WHAT YOU WILL DO: Only the lines from the beginning of the listing below through the line with "Sambal nafsu makan" belong in the answer; please print them exactly and drop the pictures.

SUPPLIED DATA:
◆ ◆ ◆ ◆
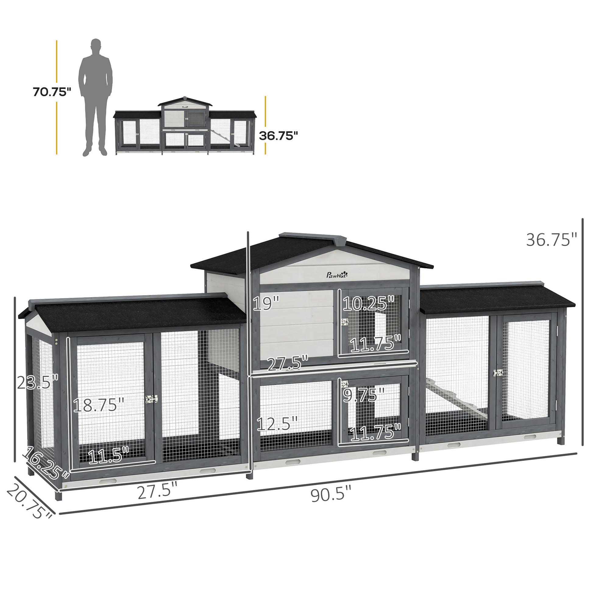 PawHut 90.5" Wooden Rabbit Hutch Bunny Cage Pet Playpen House Enclosure with Double Side Run Boxes, No Leak Tray, Ramp, for Rabbits, Chickens, Ducks, Guinea Pig and Small Animals, Light Gray
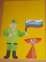 Мастер-класс предлагает сделать поздравление к 23 февраля в виде аппликации. С такой несложно, но интересной работой справятся как начинающие, так и детки в детском саду.
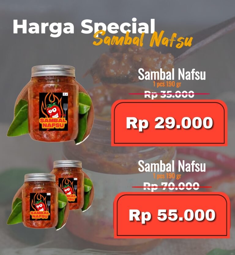 Sambal nafsu makan adalah sambal khas Indonesia yang terbuat dari bahan-bahan alami pilihan seperti cabai segar, bawang putih, bawang merah, tomat, dan rempah-rempah khas nusantara. Diproses secara higienis tanpa bahan pengawet, sambal ini cocok untuk semua jenis hidangan dan selera pedas.
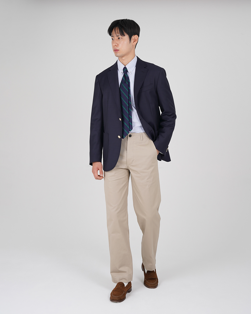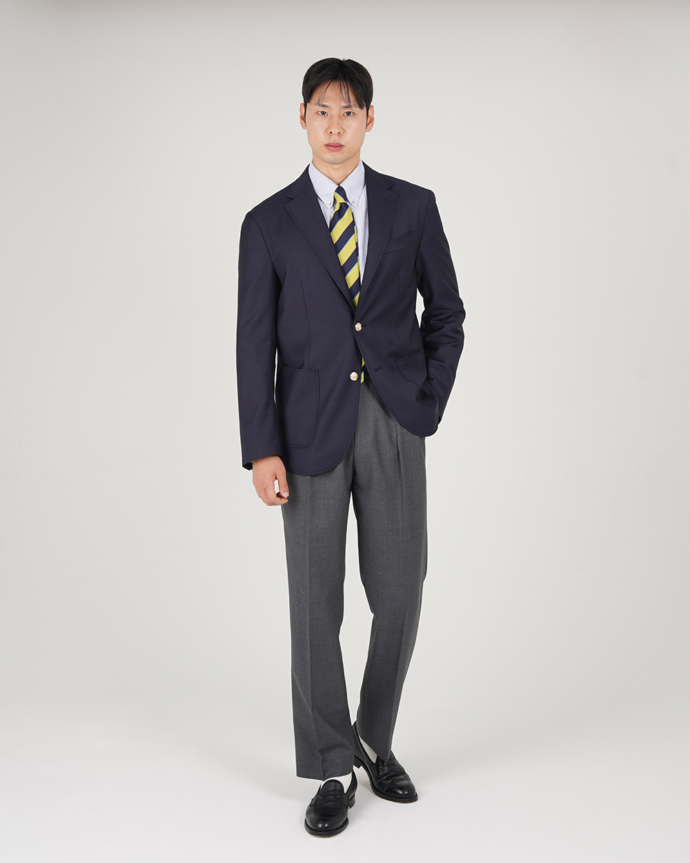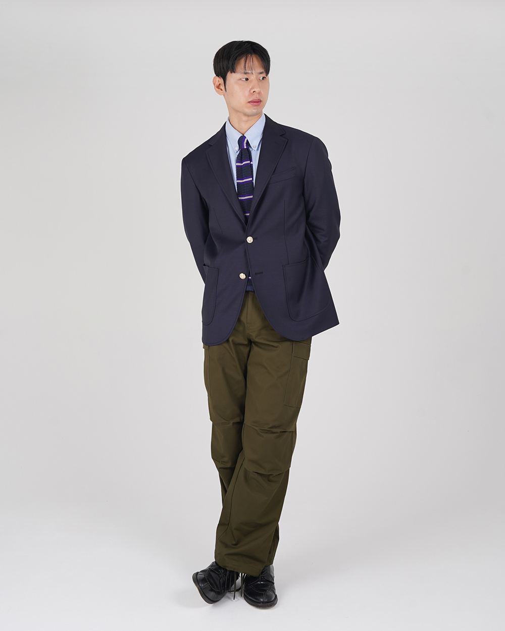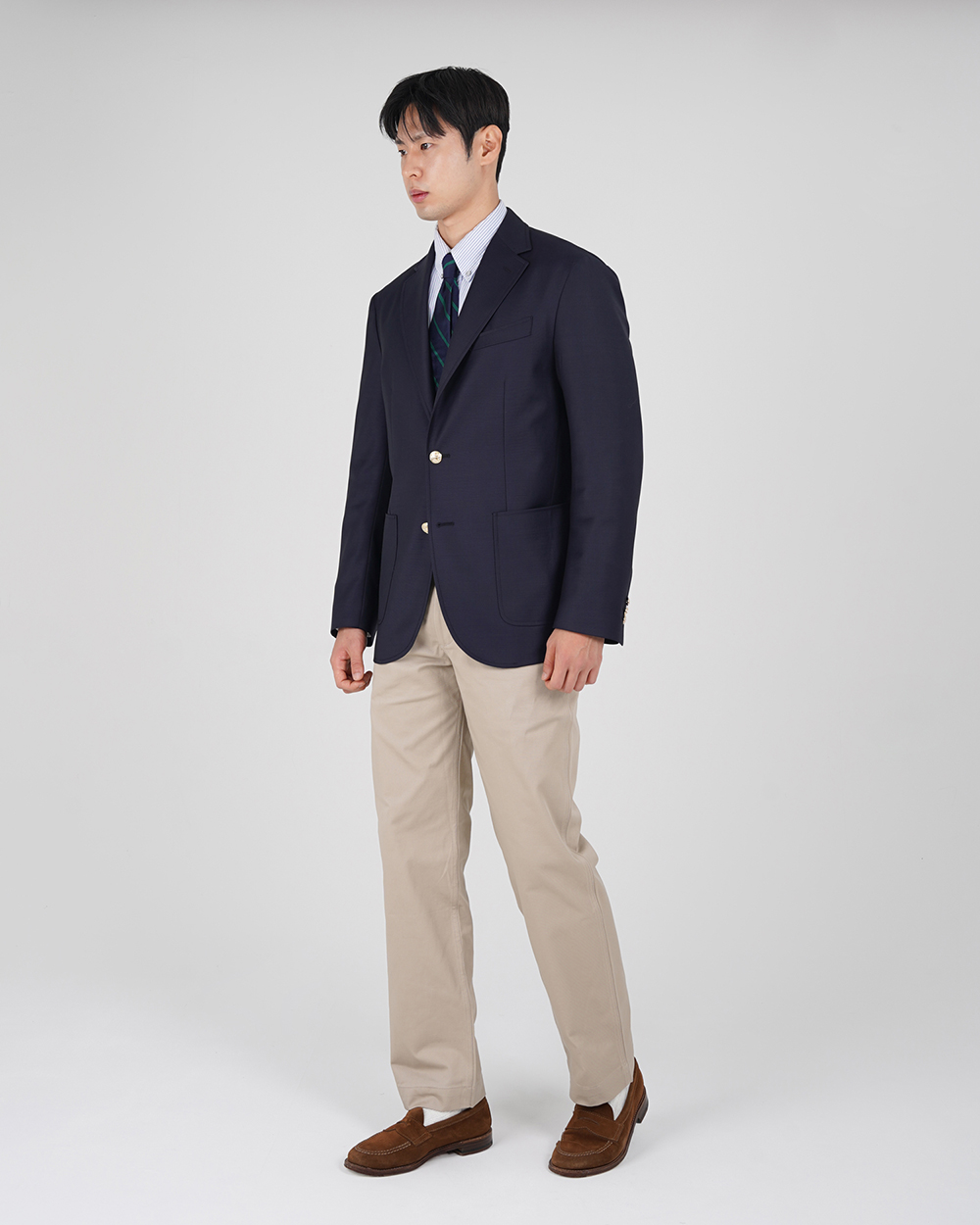 금장 버튼이 인상적인 우스티드 울 블레이저입니다. 블레이저는 프레피룩을 대표하는 아이템입니다. 금장버튼이 불꽃처럼 빛난다라고 하여 섬광을 뜻하는 blaze가 붙게 되었다는 설이 있습니다. 네이비 컬러의 원단에 금장버튼을 사용하여 전형적인 블레이저의 모습을 재현하였습니다. 여름을 제외한 모든 계절에 착용할 수 있는 우스티드 울 소재를 사용했습니다. 실용적이고 자주 입을 수 있는 자켓을 만들고자 맵시 있는 실루엣과 편안한 착용감에 중점을 두었습니다. 가볍지만 탄탄한 소재를 사용하여 고급스러우면서도 탄력있는 원단감에 반츠의 실루엣이 더해져있습니다. 투 버튼에 적당한 너비의 라펠 그리고 아웃포켓 디테일로 캐주얼 무드에 적합한 디자인을 채용하였습니다. 울 팬츠와 타이를 매치하여 클래식한 느낌을 연출하는 것 외에도 치노팬츠나 스웻 아이템들과의 조합도 가능합니다. 옷장에서 오랫동안 활약할 수 있는 클래식 아이템입니다.
◆ ◆ ◆ ◆
RESULT OF THIS TASK:
 PawHut 90.5" Wooden Rabbit Hutch Bunny Cage Pet Playpen House Enclosure with Double Side Run Boxes, No Leak Tray, Ramp, for Rabbits, Chickens, Ducks, Guinea Pig and Small Animals, Light Gray
 Мастер-класс предлагает сделать поздравление к 23 февраля в виде аппликации. С такой несложно, но интересной работой справятся как начинающие, так и детки в детском саду.
 Sambal nafsu makan adalah sambal khas Indonesia yang terbuat dari bahan-bahan alami pilihan seperti cabai segar, bawang putih, bawang merah, tomat, dan rempah-rempah khas nusantara. Diproses secara higienis tanpa bahan pengawet, sambal ini cocok untuk semua jenis hidangan dan selera pedas.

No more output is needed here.